Reengineering Life is a series from Future Human about the astonishing ways genetic technology is changing humanity and the world around us.
When the Royal Swedish Academy of Sciences announced on October 7 that she had won the 2020 Nobel Prize in chemistry, Jennifer Doudna was still fast asleep at home in California. It was just before 3 a.m. when a phone call woke her up. It was a reporter from Nature, asking if she could comment on the award.
“Well, who won it?” Doudna asked.
Doudna, PhD, of the University of California, Berkeley, and Emmanuelle Charpentier, PhD, of the Max Planck Institute in Germany, share the award for the discovery of the gene-editing technology CRISPR. The two biochemists began collaborating in 2011 and just a year later published a groundbreaking paper on CRISPR, which has revolutionized our ability to edit genes.
Short for clustered regularly interspaced short palindromic repeats, CRISPR is actually a naturally occurring bacterial immune system. When viruses attack bacteria, bacteria in turn grab snippets of genetic material from their viral invaders and incorporate these bits into their own DNA. This helps bacteria recognize viruses later on and thwart future invaders.

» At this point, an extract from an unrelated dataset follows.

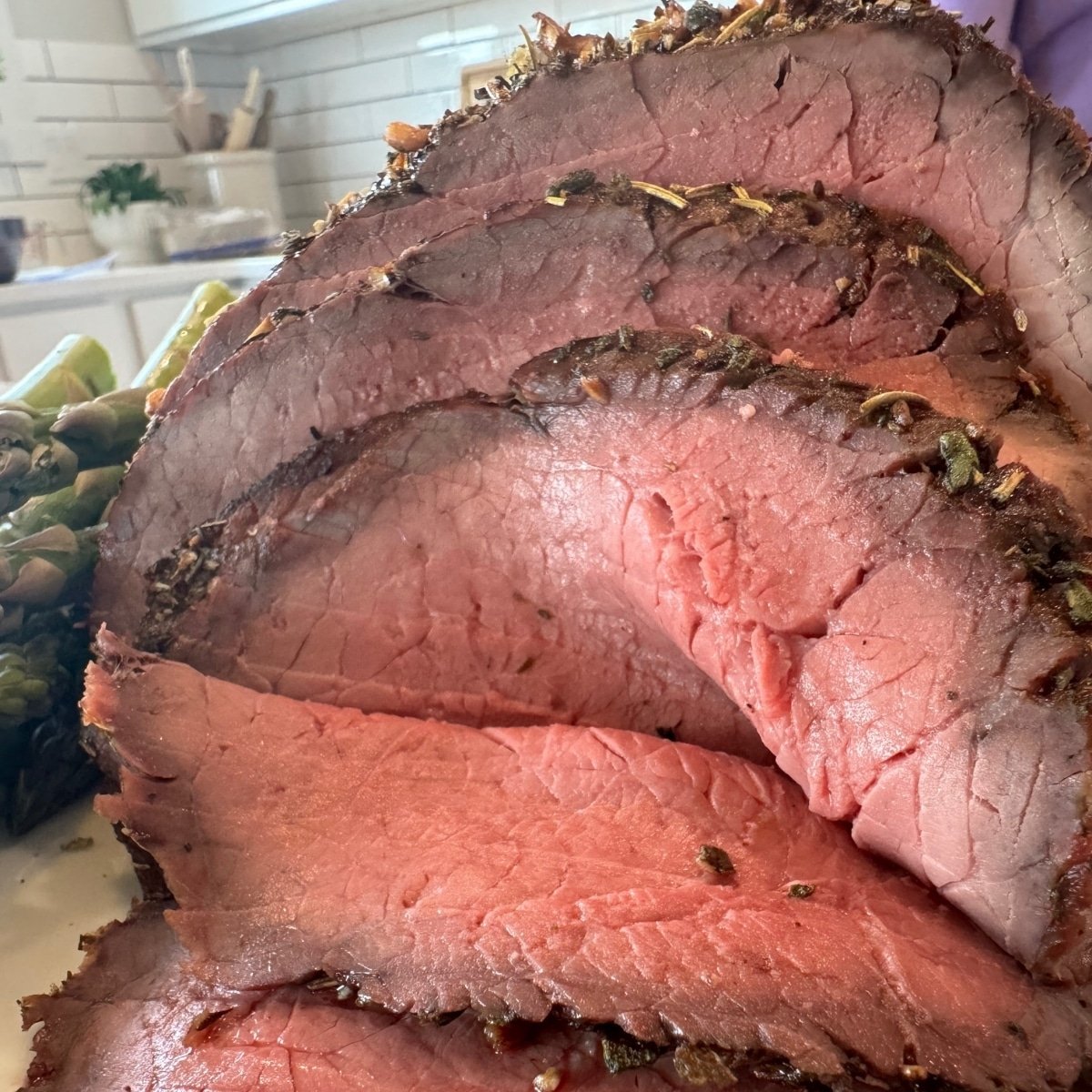 This recipe uses a 2 step approach that turns out the most tender top round roast beef: Oven Searing and Slow Roasting! There are two key reasons for this two-stage roasting approach:

Bacteria do this by producing an RNA molecule that acts as a guide, which cuts up the viral genome.
Doudna and Charpentier realized they could harness this cutting ability to edit genes in just about any living thing. In their 2012 paper, they described how this bacterial system could be used as “DNA scissors,” and the gene-editing technology CRISPR was born.

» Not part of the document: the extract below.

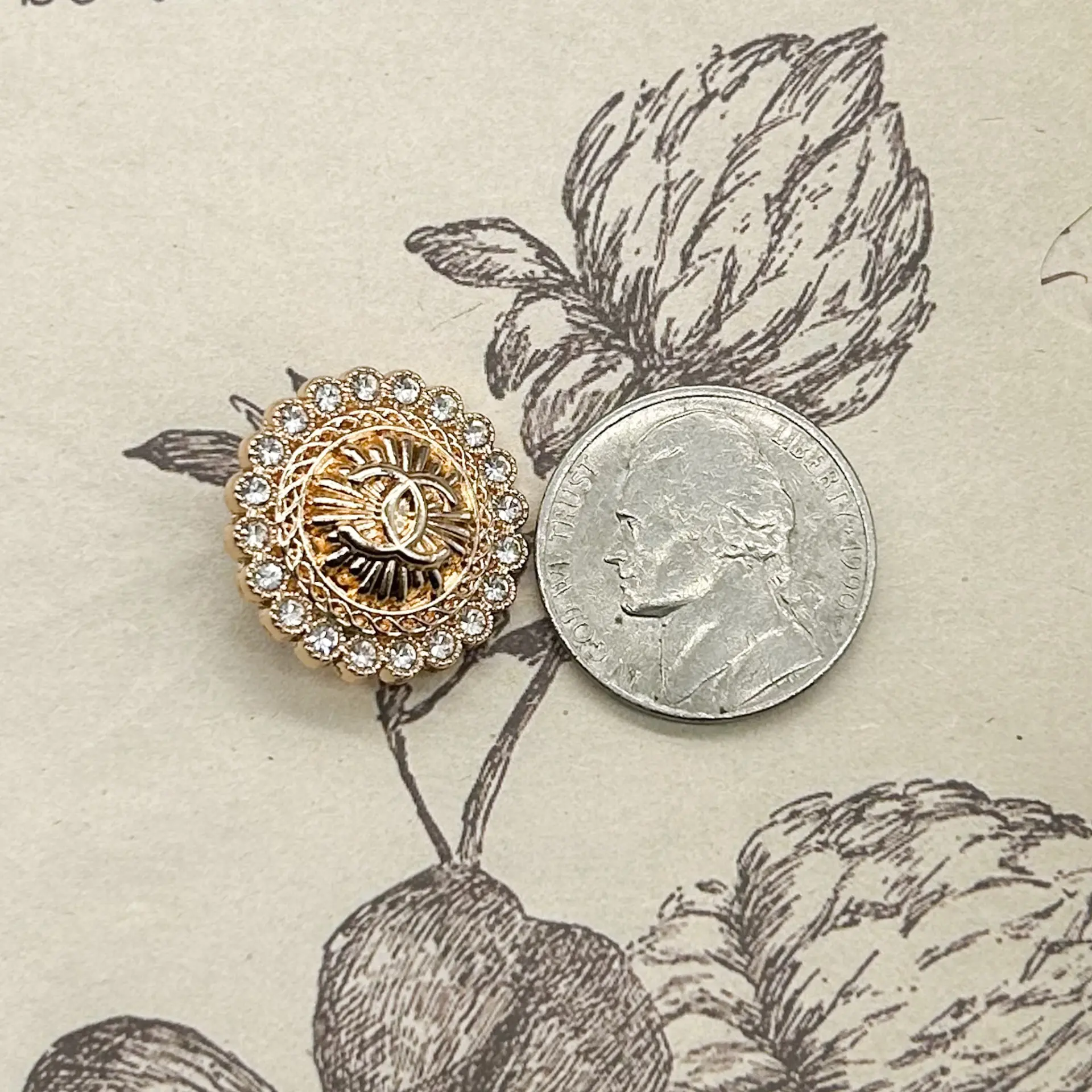 Set of 2 round buttons with rhinestone accents. Goldtone metal. 20mm – Please see photos for scale.

Declared as one of the most important discoveries of the 21st century, CRISPR is faster, cheaper, and more accurate than previous gene-editing systems and has since become ubiquitous in labs around the world. Scientists are using it in an attempt to treat serious genetic diseases, restore eyesight in people with a type of inherited blindness, engineer crops that are more resilient to disease and climate change, and eliminate disease-carrying pests like mosquitoes and mice. And researchers are already working on newer and improved versions of CRISPR that are even more precise.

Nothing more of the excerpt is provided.